So here I am, trying to think of how I can make my man more comfortable as he slaves over the computer, eyeballs twitching, in a state of prolonged sleepiness. I could let him continue on in front of this blank screen until his eyeballs explode, but I am a lady who likes to help out when I can. I have sent him to his room for some rest, and I have commandeered the blog, and am charging full speed ahead with wedding news.
If you have been living under a rock for the past 6 months, you may not realize that Birdman and I are planning our impending nuptials in a little more than 6 months. Holy shit. SIX months? I just had a wave of panic about all the crap that I haven’t done yet. I imagine it hits most brides somewhere along the planning stage, but this SHIT IS REALLY GOING TO HAPPEN! I am the type of person who hates being pinned down, and I let most plans make themselves, but this type of laissez-faire attitude does not go over well in the wedding world. Every day I am fielding questions about our plans, and although I have some vague answers, mostly I am shocked that people remember or even care.
Birdman and I were going to hit the tuxedo place this week to figure out what he will be wearing at the Blessed Event, but one thing led to another and we blew it off. Seriously, we are not going to be able to keep doing this. Shit needs to get decided. We have half a dozen grooms-people (Hi Yvette!) who need some instruction about attire and who are going to need this info soon. At least half of them will have no problem going naked if something isn’t figured out soon. Well, maybe not naked, but certainly in shorts and flip flops.
My maid of honour (should I have capitalized that? It seems somewhat major…) has already got a line on her gorgeous, pink chiffon dress and she may have actually ordered it by now. My mini-me’s (who have flatly refused to be flower girls) will need some sort of matching frocks since they are Jr. BM’s. (That’s bridesmaids, for those of you not up on your wedding-lingo). I guess I should start thinking about that too.

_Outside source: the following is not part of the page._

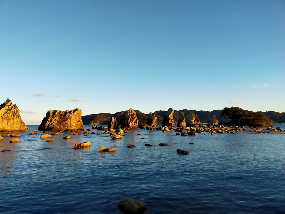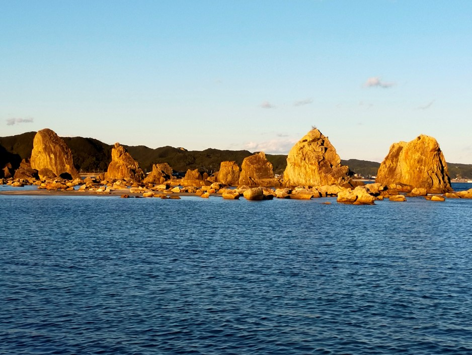 訪問時は満潮でした、さらに夕暮れ時で岩がオレンジ色になっていました。

There is also food and booze to be considered. I have half-assed lined up a caterer, and we have some big plans for a run for the Quebec border for the mother of all beer runs in the spring. I know for sure the beer will get taken care of, because there are enough men in our circle of friends to guarantee it. I guess the rest will sort itself out, right?
The truth is, every time I start thinking of starting to consider making solid plans, I see something shiny and my train of thought is permanently derailed. I need Oprah, or Dr. Phil or maybe even Maury Povich to knock some sense into me and get my ass in gear. In fact, there is a good chance our guests may roll up to a wedding party in rags, drinking cheap beer and eating chips casually dumped into wicker bowls. (We’ll use napkins to line them…we’re NOT barbarians!) Would that bother anyone? If it did, they likely wouldn’t have made the guest list anyhow.
I am really just looking forward to the greatest party I have ever thrown. Those of you who attended my first wedding may recall my brother leaving the party in an ambulance and my aunt bitch-slapping my new step-monster-in-law in the parking lot. There is more, but the gag-order decrees I am not to mention any of it. Yeah, I’m definitely not looking for a repeat of my first big party, and maybe that’s where some of this anxiety comes from. I realize people are going to have a good time, and there will be so much love that nothing like that will happen this time. Still, I am keeping our Best Man on double duty as a bouncer. He’s about 10 feet tall and I guarantee you won’t want to mess with him if you’ve slugged back a few too many whiskeys. Call me superstitious, but I like to think of Joe as my ace-in-the-hole for the party that threatens to get a bit too jiggy.